Scientific classification
- Kingdom: Animalia
- Phylum: Chordata
- Class: Aves
- Order: Coraciiformes
- Family: Momotidae
- Genus: Hylomanes Lichtenstein, MHC, 1839
- Species: H. momotula
- Binomial name: Hylomanes momotula Lichtenstein, MHC, 1839

= Tody motmot =

- Genus: Hylomanes
- Species: momotula
- Authority: Lichtenstein, MHC, 1839
- Conservation status: LC
- Parent authority: Lichtenstein, MHC, 1839

Species of bird

The tody motmot (Hylomanes momotula) is a species of near-passerine bird in the motmot family Momotidae. It is the only species placed in the genus Hylomanes. It is found in Belize, Colombia, Costa Rica, El Salvador, Guatemala, Honduras, Mexico, Nicaragua, and Panama.

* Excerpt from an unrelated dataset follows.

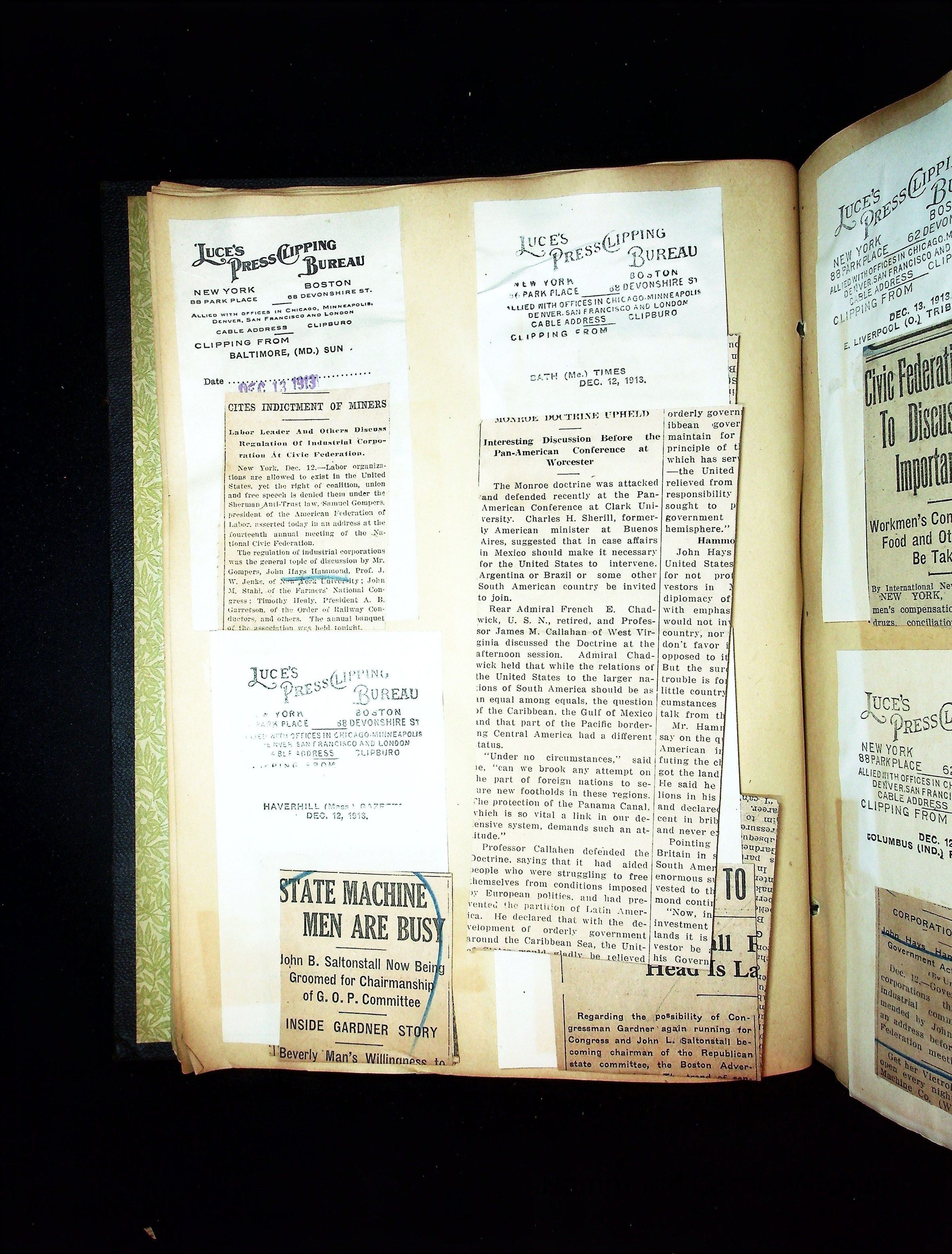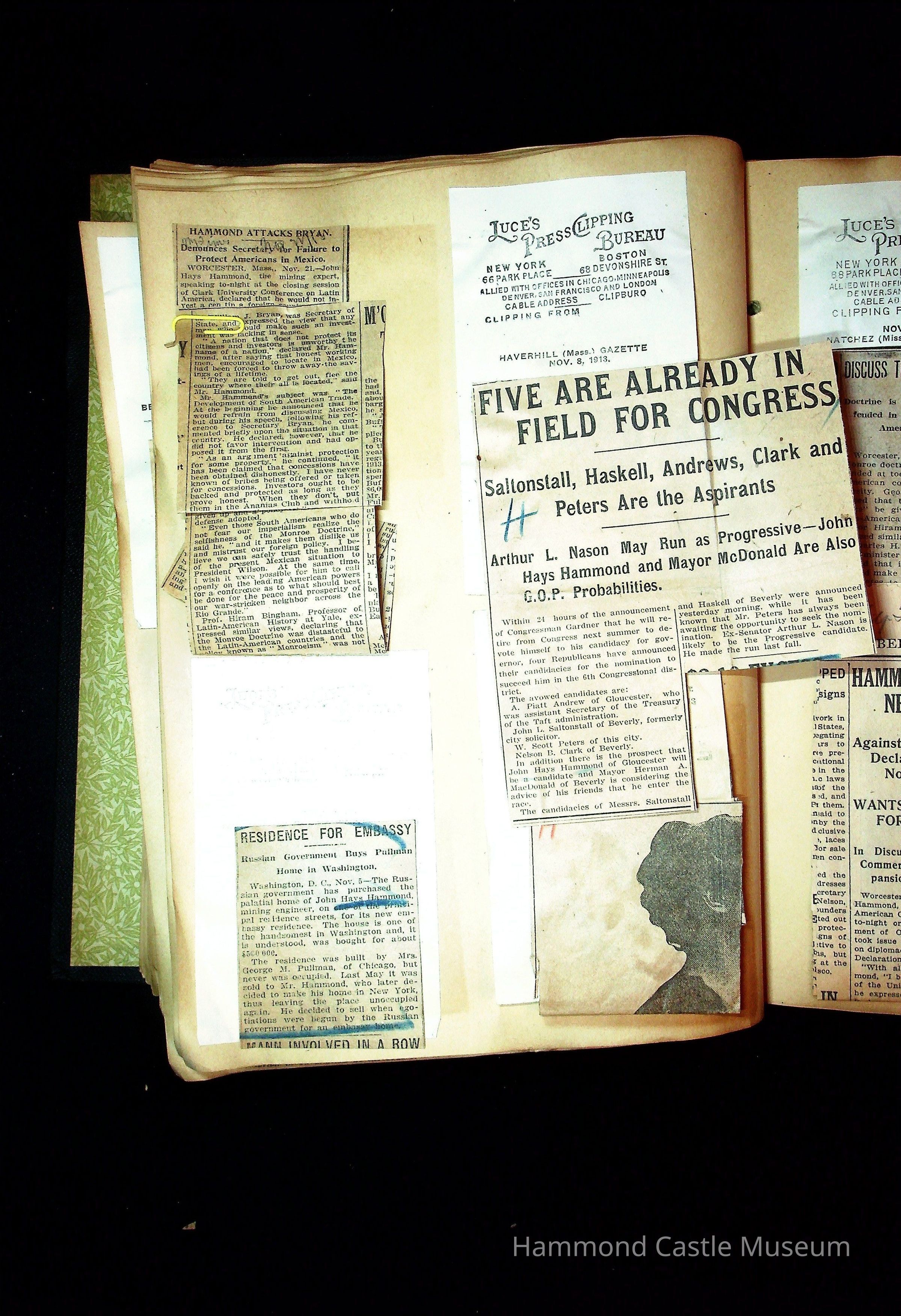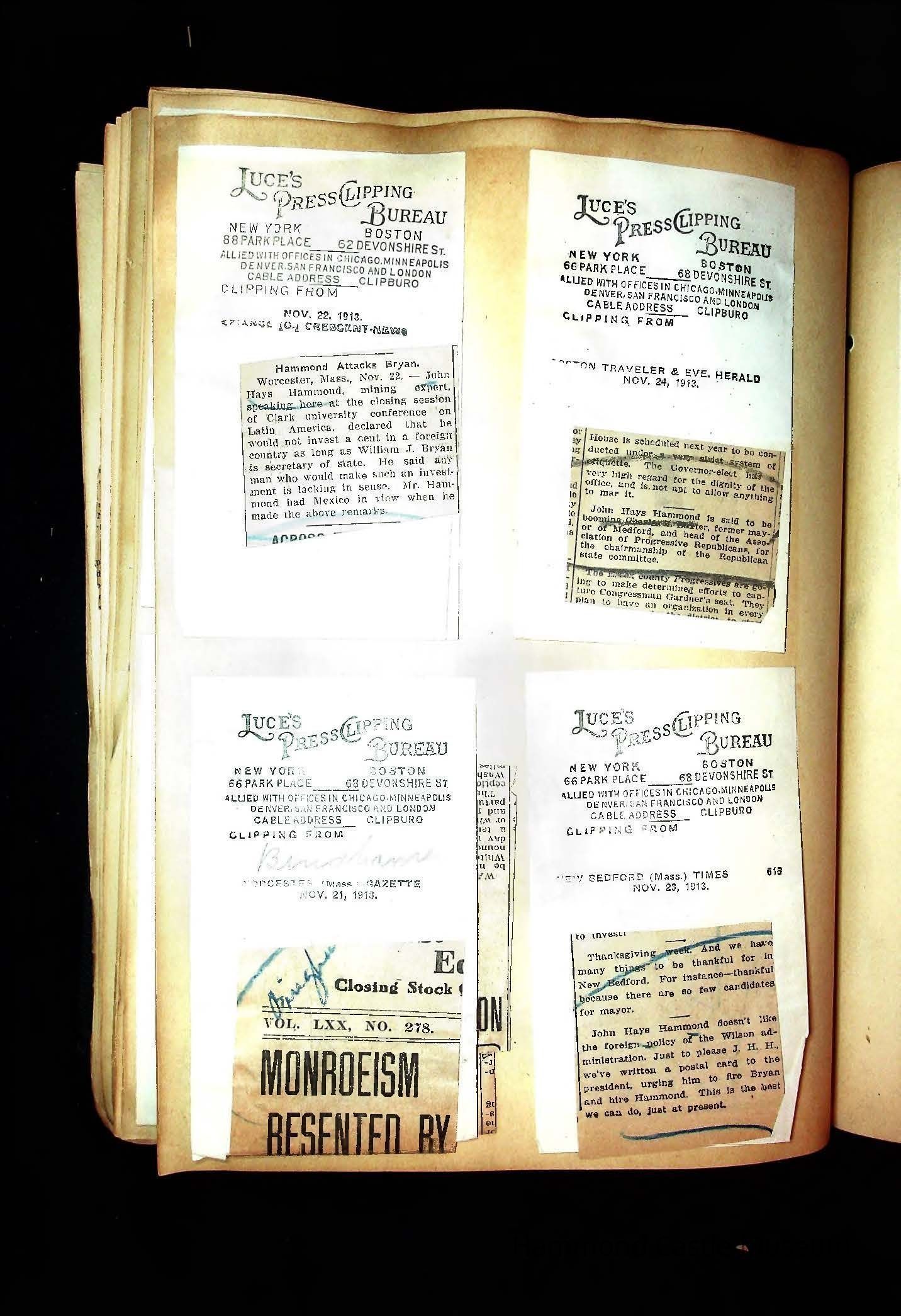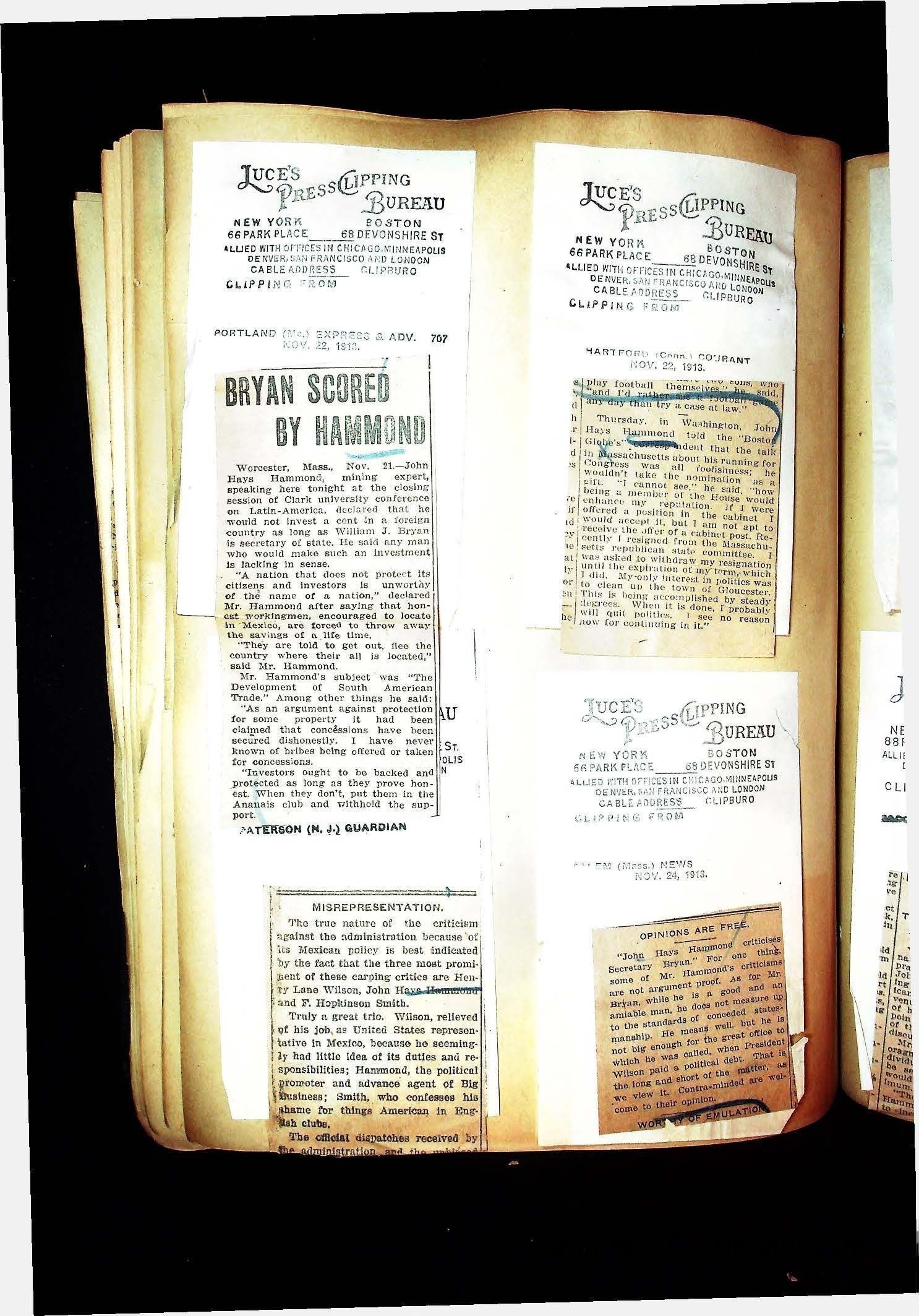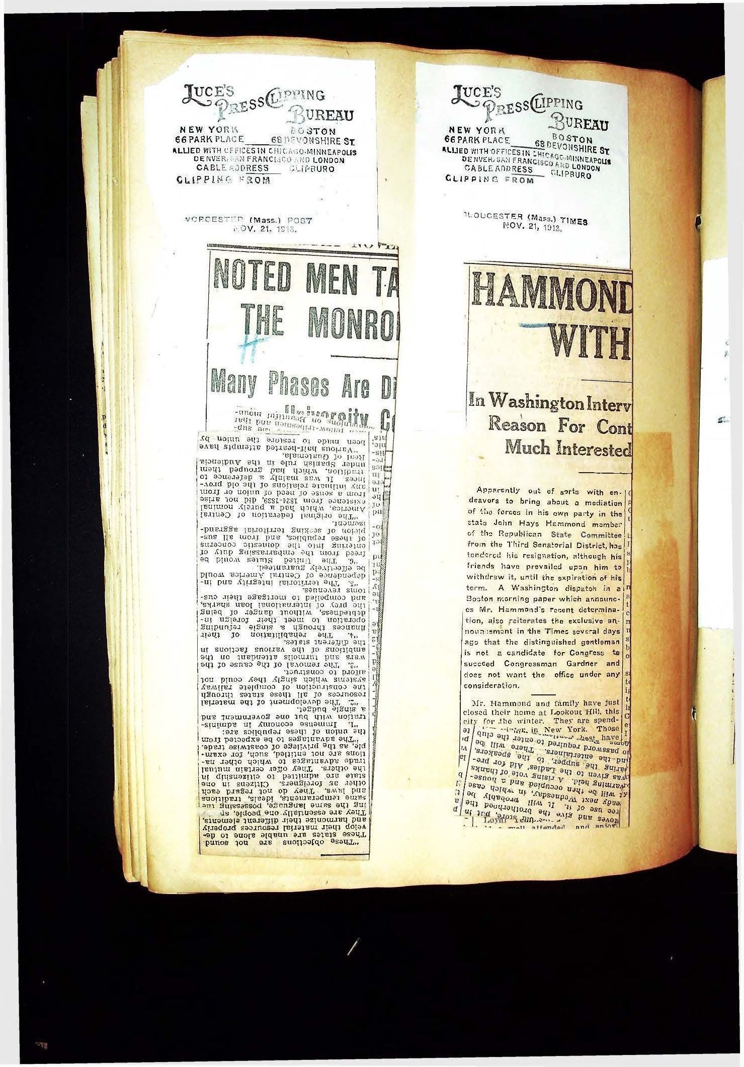 1913 scrapbook of newspaper articles about John Hays Hammond (Sr) and Mrs. Hammond covering governmental policies, Sherman Act, Eugenics & politics.

==Taxonomy and systematics==

The tody motmot is the sole member of its genus. It has three subspecies, the nominate
Hylomanes momotula momotula, Lichtenstein, MHC, 1939, M. m. chiapensis (Brodkorb, 1938), and M. m. obscurus (Nelson, 1911).

==Description==

The tody motmot is 16.5 to 18.0 cm long. Males weigh 27 to 33 g and females 25 to 30 g. It is by far the smallest motmot, and named because it resembles the closely related todies (family Todidae) of the Caribbean. The nominate subspecies has a green crown, a rufous neck, and a green back and rump. It has a blue supercilium and a black mask with a white stripe below it. It has a white throat, a greenish breast with light streaks, and a white belly. The other two subspecies are similar but darker, and M. m. obscurus also has less white on the throat.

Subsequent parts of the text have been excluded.